[Problem details]:
Below are records with pictures; copy word for word only the lines between the line with "pipacs, pillangóvirag, dekortábla" and the line with "卡通男拍卖员站在大屏幕前举槌拍卖场景免抠元素", inclusive, and drop the pictures.
═══ Records to use
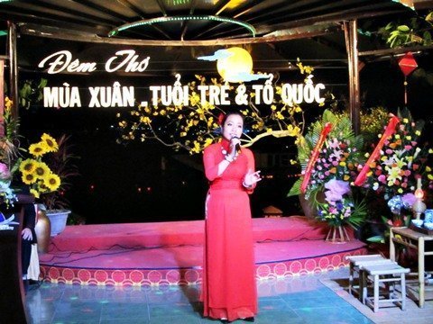 Bên bờ sông hương hiền hoà, dưới tiết trời mưa phùn, Đêm thơ nguyên tiêu tại Huế với chủ đề “Mùa Xuân, Tuổi Trẻ và Tổ Quốc” vừa diễn ra tối 23/02/2013 tại Trung tâm du lịch trải nghiệm Huế xưa và Huế nay.
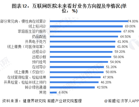 根据健康界研究院调研结果,未来,互联网医院业务开展中,常见病、慢性病在线复诊,线上轻问诊、家庭医生签约服务、药品配送和可医保结算的线上缴费更被看好。其中,常见病、慢性病在线复诊提及率74.0%,是未来互联网诊疗服务的核心业务。
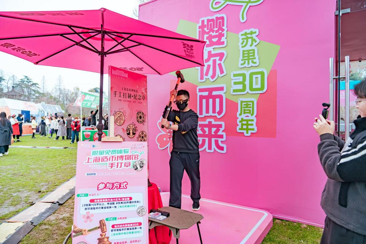 为了展现苏果超市持续焕新的形象,这次快闪店在玩法上也颇费心思。活动期间,南京风筝技艺代表性传承人张堡程将来到现场,手把手教亲子家庭绘制风筝。此外,现场还引入了上海造币厂的手打章体验,让游客能把这份春日记忆“敲”进纪念章里带走。这些互动不再是简单的促销,而是试图将商业活动变成一场小型的城市文化聚会。
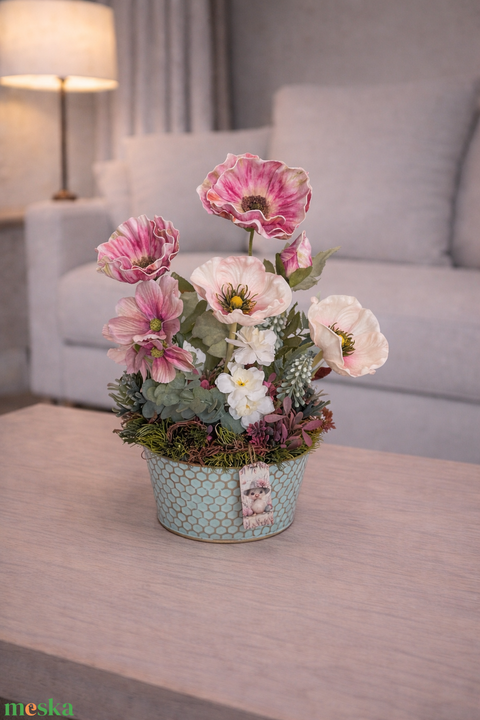 - Anyag/Összetevő zöldlevelek, kaspó, pipacs, pillangóvirag, dekortábla
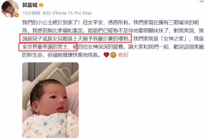 从郭富城的字里行间,咱们能感受到他对这个重生命的瞩目和对家庭的爱戴。
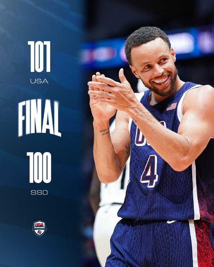 美国男101-100险胜南苏丹 詹姆斯25+6+7&上篮绝杀 C-琼斯三双
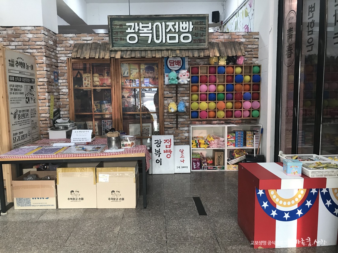 마지막으로 잡화점 ‘광복이점빵’에서 뽑기와 풍선 터뜨리기 등의 놀이를 하실 수 있습니다. 뽑기 등수에 따라 상품도 있고, 쫀드기, 아폴로 등 옛날 군것질거리도 구매할 수 있죠. 게임도 하고 상품도 얻는 일석이조의 경험을 ‘광복이점빵’에서 해보시길 바랄게요!
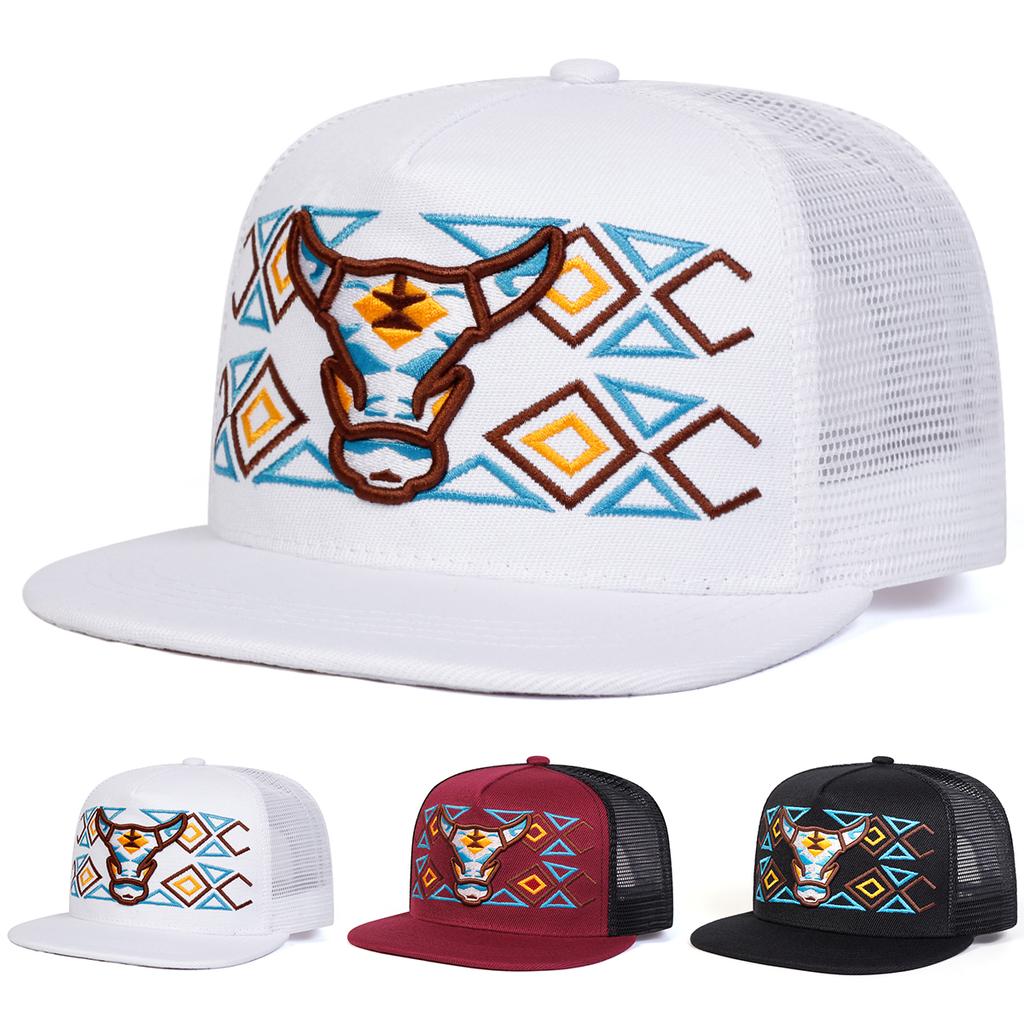 Unisex Ox Head Embroidery Hip-hop Net Hats Spring Summer Adjustable Casual Baseball Caps Trucker Caps Sunscreen Hat
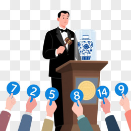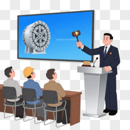 卡通男拍卖员站在大屏幕前举槌拍卖场景免抠元素
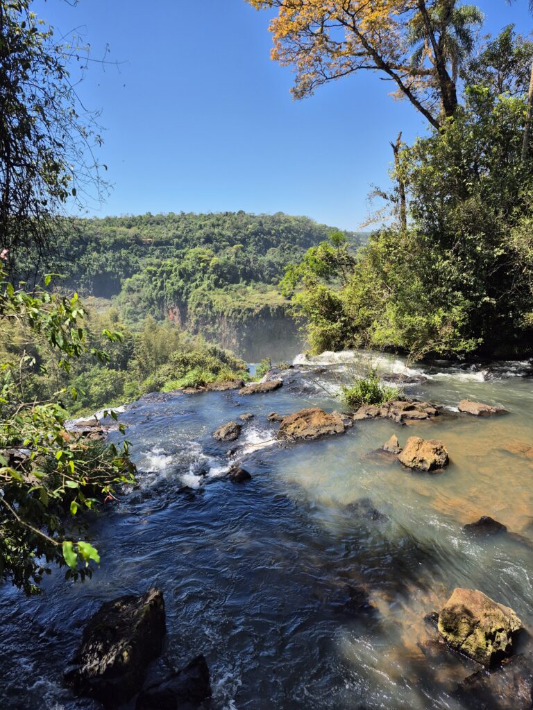Nous arrivons au Parc national d’Iguazu et choisissons d’emprunter le sentier inférieur le matin, à l’inverse de la majorité des visiteurs. Nous avons de la chance, la fréquentation est faible. Nous avons beaucoup d’espace et de temps pour admirer les centaines de cascades qui jaillissent de toute part. Le spectacle est saisissant, on se croirait dans le jardin d’Eden avec ces longs rideaux blancs qui coulent sans fin le long des parois rocheuses habillées de végétation d’un vert éclatant. Le bruit de l’eau est apaisant et continu, chaque point de vue est plus beau que le précédent, c’est un régal pour les yeux! Nous continuons la visite par le sentier supérieur. L’intensité va crescendo au fur et à mesure que nous avançons. Une fois les deux sentiers terminés, nous montons dans le petit train qui mène tout en haut du site, au niveau du Rio qui coule paisiblement avant de s’écrouler avec force et fracas dans la gigantesque faille pour former ces cascades immenses. Le Rio semble presque immobile (ce n’est qu’une illusion car le débit et le courant sont très importants). C’est une rivière large et paisible entourée d’une dense végétation comme on commence à avoir l’habitude de voir. Je m’imagine les premiers explorateurs, descendant la rivière avec un sentiment naïf de toute puissance sans imaginer ce qui les attend quelques mètres plus loin et au moment de s’en rendre compte, ne rien pouvoir faire pour empêcher l’embarcation d’être emportée par ces eaux sauvages et puissantes. Cela s’est peut-être passé, ou peut-être pas, peu importe. J’aime rêvasser en me racontant ces histoires, en imaginant ce qu’était ce lieu avant que l’empreinte coloniale ne vienne le transformer. Cependant, malgré les passerelles et autres installations touristiques, le lieu n’est pas dénaturé. La nature ici reste reine. D’ailleurs, les passerelles ont déjà été détruites par deux fois suite à des années particulièrement pluvieuses et à une montée des eaux exceptionnelle. Des vestiges des anciennes passerelles ici et là nous rappellent que la Nature est et restera plus forte, quoique nous fassions.
══════
[Response to this exercise]:
 - Anyag/Összetevő zöldlevelek, kaspó, pipacs, pillangóvirag, dekortábla
 从郭富城的字里行间,咱们能感受到他对这个重生命的瞩目和对家庭的爱戴。
 美国男101-100险胜南苏丹 詹姆斯25+6+7&上篮绝杀 C-琼斯三双
 마지막으로 잡화점 ‘광복이점빵’에서 뽑기와 풍선 터뜨리기 등의 놀이를 하실 수 있습니다. 뽑기 등수에 따라 상품도 있고, 쫀드기, 아폴로 등 옛날 군것질거리도 구매할 수 있죠. 게임도 하고 상품도 얻는 일석이조의 경험을 ‘광복이점빵’에서 해보시길 바랄게요!
 Unisex Ox Head Embroidery Hip-hop Net Hats Spring Summer Adjustable Casual Baseball Caps Trucker Caps Sunscreen Hat
 卡通男拍卖员站在大屏幕前举槌拍卖场景免抠元素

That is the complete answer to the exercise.